* **Task to carry out**
Here, set down only the lines between the line that contains "富士を望むオープンテラスで、" and the final line of the material, both included, exactly as written. Skip the pictures.

* **Data block**
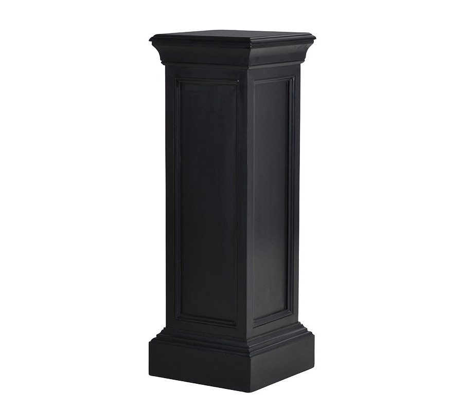 Podstavec Wielton Nero je výnimočný luxusný interiérový doplnok v koloniálnom štýle, ktorý kombinuje klasickú eleganciu s remeselnou precíznosťou. Vyrobený je z kombinácie masívneho mahagónového a dyhovaného dreva, známeho svojou pevnosťou, dlhou životnosťou a jemne kreslenou štruktúrou. Čierna povrchová úprava dodáva podstavcu moderný a zároveň dramatický vzhľad, ktorý krásne vynikne v kontraste so svetlými stenami či dekoráciami.
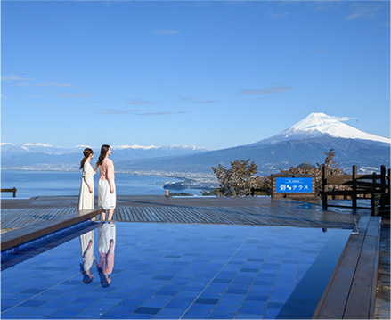 富士を望むオープンテラスで、
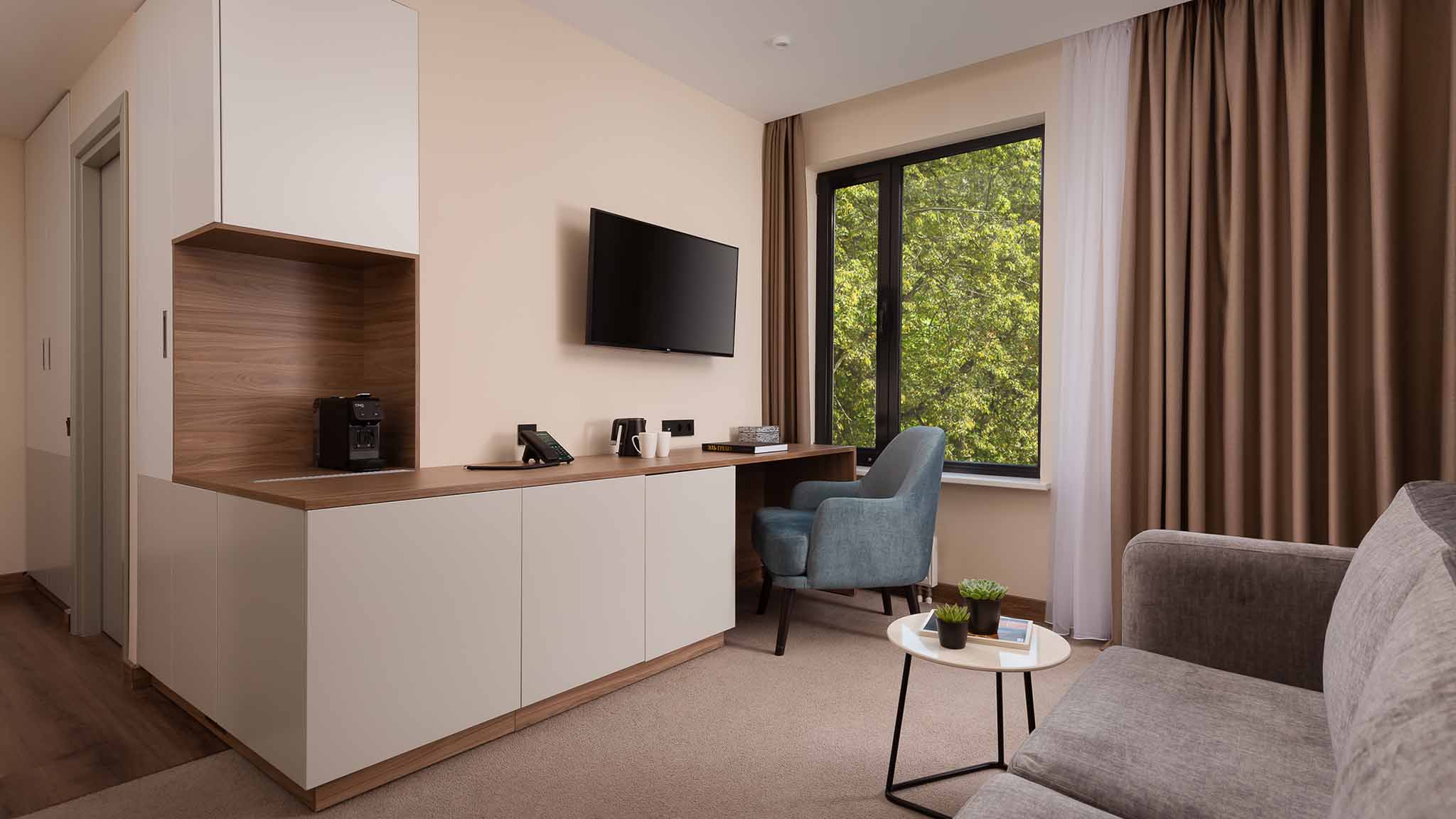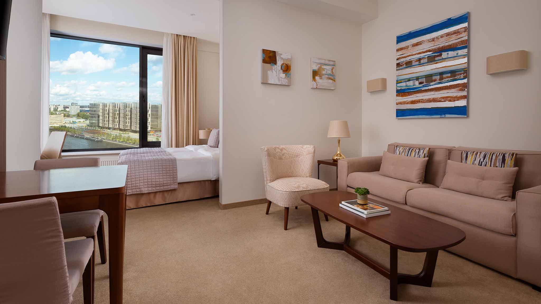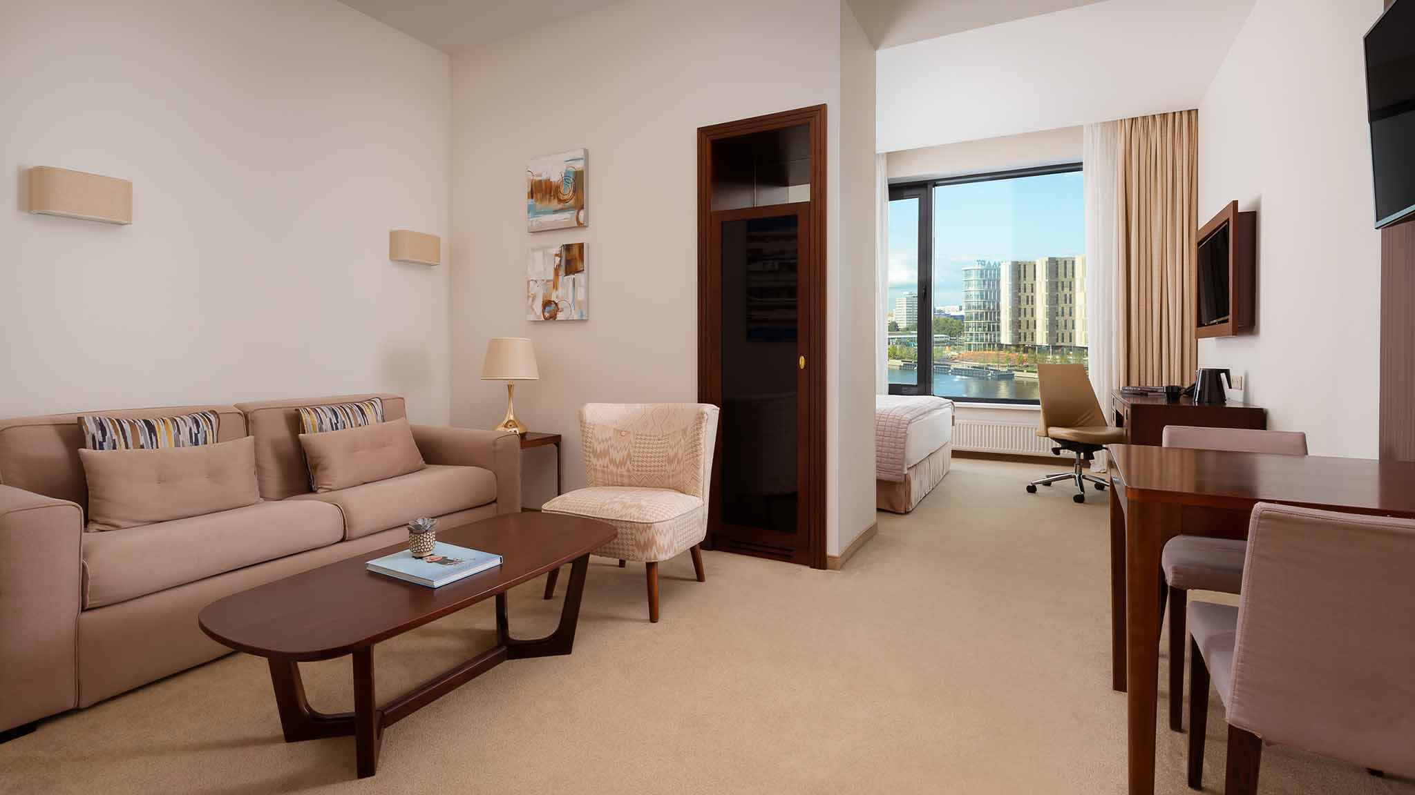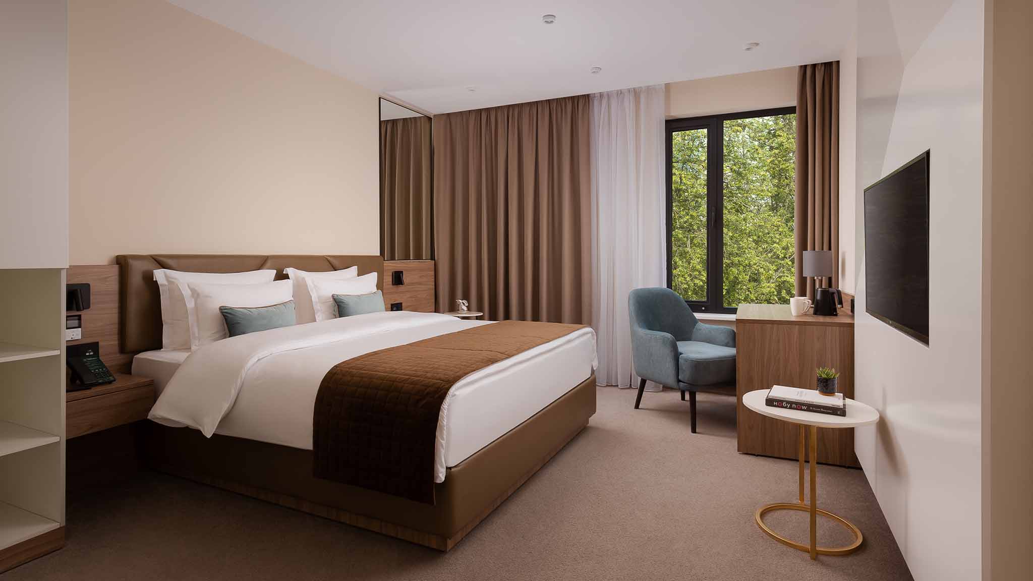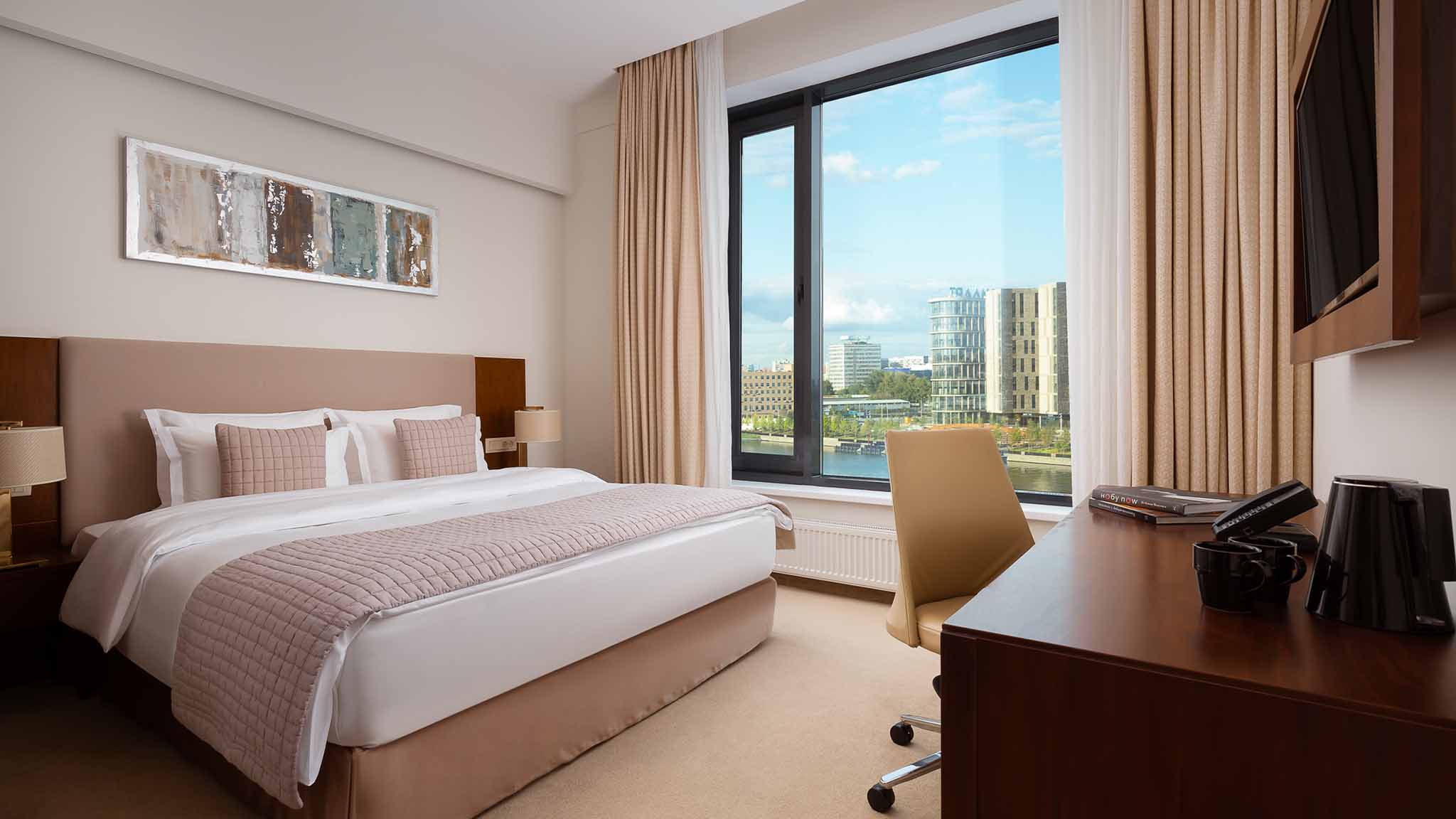 Для бронирования доступен 221 номер. Все видовые. Категории: от демократичного «Стандарта», «Супериор», «Студий» до апартаментов, «Люксов» и «Бизнес Сюита» — для тех, кто в деловых поездках и туристических путешествиях привык к определенному уровню комфорта.

* **Written answer**
 富士を望むオープンテラスで、
 Для бронирования доступен 221 номер. Все видовые. Категории: от демократичного «Стандарта», «Супериор», «Студий» до апартаментов, «Люксов» и «Бизнес Сюита» — для тех, кто в деловых поездках и туристических путешествиях привык к определенному уровню комфорта.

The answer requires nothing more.